Exercise aim: In the records below, begin at the line containing "Hamley Bridge’s Zac" and end at the line containing "下载的木马是一个直接可当作代"; quote every line in that span exactly, including both boundary lines, and no others.

Record extracts:
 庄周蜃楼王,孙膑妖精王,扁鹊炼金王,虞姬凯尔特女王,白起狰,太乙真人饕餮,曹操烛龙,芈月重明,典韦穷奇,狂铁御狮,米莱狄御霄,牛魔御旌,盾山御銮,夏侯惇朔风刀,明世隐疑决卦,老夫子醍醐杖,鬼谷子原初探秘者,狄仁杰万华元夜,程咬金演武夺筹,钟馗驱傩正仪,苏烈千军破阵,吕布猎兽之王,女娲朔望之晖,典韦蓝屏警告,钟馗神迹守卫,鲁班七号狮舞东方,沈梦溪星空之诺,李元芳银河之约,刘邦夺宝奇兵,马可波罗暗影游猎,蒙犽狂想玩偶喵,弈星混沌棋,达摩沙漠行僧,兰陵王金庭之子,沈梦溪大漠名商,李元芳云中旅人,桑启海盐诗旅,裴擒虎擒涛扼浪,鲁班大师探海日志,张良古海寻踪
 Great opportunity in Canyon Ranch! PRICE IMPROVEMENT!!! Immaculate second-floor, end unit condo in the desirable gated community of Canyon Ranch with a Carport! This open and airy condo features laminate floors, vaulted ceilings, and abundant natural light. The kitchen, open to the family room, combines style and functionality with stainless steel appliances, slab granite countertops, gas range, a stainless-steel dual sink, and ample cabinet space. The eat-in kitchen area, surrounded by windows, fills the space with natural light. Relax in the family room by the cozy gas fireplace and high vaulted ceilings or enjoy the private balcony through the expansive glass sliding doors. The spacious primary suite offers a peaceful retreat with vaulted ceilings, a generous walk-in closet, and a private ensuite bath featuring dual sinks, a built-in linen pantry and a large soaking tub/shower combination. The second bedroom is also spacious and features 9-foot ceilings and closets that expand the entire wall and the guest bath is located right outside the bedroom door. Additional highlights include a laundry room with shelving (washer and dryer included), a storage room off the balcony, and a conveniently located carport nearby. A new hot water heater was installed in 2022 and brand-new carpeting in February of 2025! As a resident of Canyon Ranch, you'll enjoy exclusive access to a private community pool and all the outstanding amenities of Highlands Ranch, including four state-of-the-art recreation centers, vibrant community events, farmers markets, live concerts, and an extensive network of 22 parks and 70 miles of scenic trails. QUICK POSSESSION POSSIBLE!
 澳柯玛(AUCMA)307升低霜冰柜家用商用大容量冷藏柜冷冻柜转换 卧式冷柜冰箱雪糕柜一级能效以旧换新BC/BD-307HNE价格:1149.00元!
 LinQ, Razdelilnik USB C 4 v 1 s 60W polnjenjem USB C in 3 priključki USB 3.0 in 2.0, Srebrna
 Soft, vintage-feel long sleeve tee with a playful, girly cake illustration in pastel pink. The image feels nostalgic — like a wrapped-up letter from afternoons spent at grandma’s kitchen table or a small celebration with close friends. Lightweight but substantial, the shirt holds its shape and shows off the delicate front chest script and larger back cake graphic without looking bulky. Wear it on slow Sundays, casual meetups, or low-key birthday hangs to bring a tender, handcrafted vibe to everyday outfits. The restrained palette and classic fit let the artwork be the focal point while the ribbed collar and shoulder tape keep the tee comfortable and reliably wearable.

---

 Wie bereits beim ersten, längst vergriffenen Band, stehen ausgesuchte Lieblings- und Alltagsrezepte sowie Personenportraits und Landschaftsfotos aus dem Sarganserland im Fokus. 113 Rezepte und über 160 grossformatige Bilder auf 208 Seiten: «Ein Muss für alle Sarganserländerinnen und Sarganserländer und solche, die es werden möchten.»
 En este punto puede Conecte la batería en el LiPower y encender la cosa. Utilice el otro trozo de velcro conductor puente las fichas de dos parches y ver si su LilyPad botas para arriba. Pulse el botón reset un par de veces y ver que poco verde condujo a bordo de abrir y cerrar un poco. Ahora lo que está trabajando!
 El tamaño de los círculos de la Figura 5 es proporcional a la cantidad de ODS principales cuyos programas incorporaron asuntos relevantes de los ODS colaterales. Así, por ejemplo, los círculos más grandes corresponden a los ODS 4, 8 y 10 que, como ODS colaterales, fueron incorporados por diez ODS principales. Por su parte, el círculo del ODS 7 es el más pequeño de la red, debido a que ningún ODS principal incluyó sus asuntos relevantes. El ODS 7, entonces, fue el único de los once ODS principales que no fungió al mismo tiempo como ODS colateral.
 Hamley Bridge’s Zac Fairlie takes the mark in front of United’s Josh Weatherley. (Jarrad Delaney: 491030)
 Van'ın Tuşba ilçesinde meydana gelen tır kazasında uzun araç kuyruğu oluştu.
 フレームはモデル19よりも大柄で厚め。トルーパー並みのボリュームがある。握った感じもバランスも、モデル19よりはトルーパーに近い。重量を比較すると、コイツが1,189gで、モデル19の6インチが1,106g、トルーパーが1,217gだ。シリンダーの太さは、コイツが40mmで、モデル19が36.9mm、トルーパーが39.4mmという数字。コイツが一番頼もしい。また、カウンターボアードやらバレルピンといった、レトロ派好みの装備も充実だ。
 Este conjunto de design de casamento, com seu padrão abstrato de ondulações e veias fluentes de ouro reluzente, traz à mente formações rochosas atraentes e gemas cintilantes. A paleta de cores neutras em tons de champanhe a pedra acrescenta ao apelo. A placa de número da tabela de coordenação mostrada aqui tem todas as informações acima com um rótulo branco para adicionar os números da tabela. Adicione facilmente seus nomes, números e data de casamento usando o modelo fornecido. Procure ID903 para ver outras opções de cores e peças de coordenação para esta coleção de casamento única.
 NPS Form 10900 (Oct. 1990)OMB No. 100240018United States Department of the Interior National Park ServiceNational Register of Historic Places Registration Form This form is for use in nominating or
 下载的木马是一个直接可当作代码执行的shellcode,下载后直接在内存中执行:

Problem solution:
 Hamley Bridge’s Zac Fairlie takes the mark in front of United’s Josh Weatherley. (Jarrad Delaney: 491030)
 Van'ın Tuşba ilçesinde meydana gelen tır kazasında uzun araç kuyruğu oluştu.
 フレームはモデル19よりも大柄で厚め。トルーパー並みのボリュームがある。握った感じもバランスも、モデル19よりはトルーパーに近い。重量を比較すると、コイツが1,189gで、モデル19の6インチが1,106g、トルーパーが1,217gだ。シリンダーの太さは、コイツが40mmで、モデル19が36.9mm、トルーパーが39.4mmという数字。コイツが一番頼もしい。また、カウンターボアードやらバレルピンといった、レトロ派好みの装備も充実だ。
 Este conjunto de design de casamento, com seu padrão abstrato de ondulações e veias fluentes de ouro reluzente, traz à mente formações rochosas atraentes e gemas cintilantes. A paleta de cores neutras em tons de champanhe a pedra acrescenta ao apelo. A placa de número da tabela de coordenação mostrada aqui tem todas as informações acima com um rótulo branco para adicionar os números da tabela. Adicione facilmente seus nomes, números e data de casamento usando o modelo fornecido. Procure ID903 para ver outras opções de cores e peças de coordenação para esta coleção de casamento única.
 NPS Form 10900 (Oct. 1990)OMB No. 100240018United States Department of the Interior National Park ServiceNational Register of Historic Places Registration Form This form is for use in nominating or
 下载的木马是一个直接可当作代码执行的shellcode,下载后直接在内存中执行:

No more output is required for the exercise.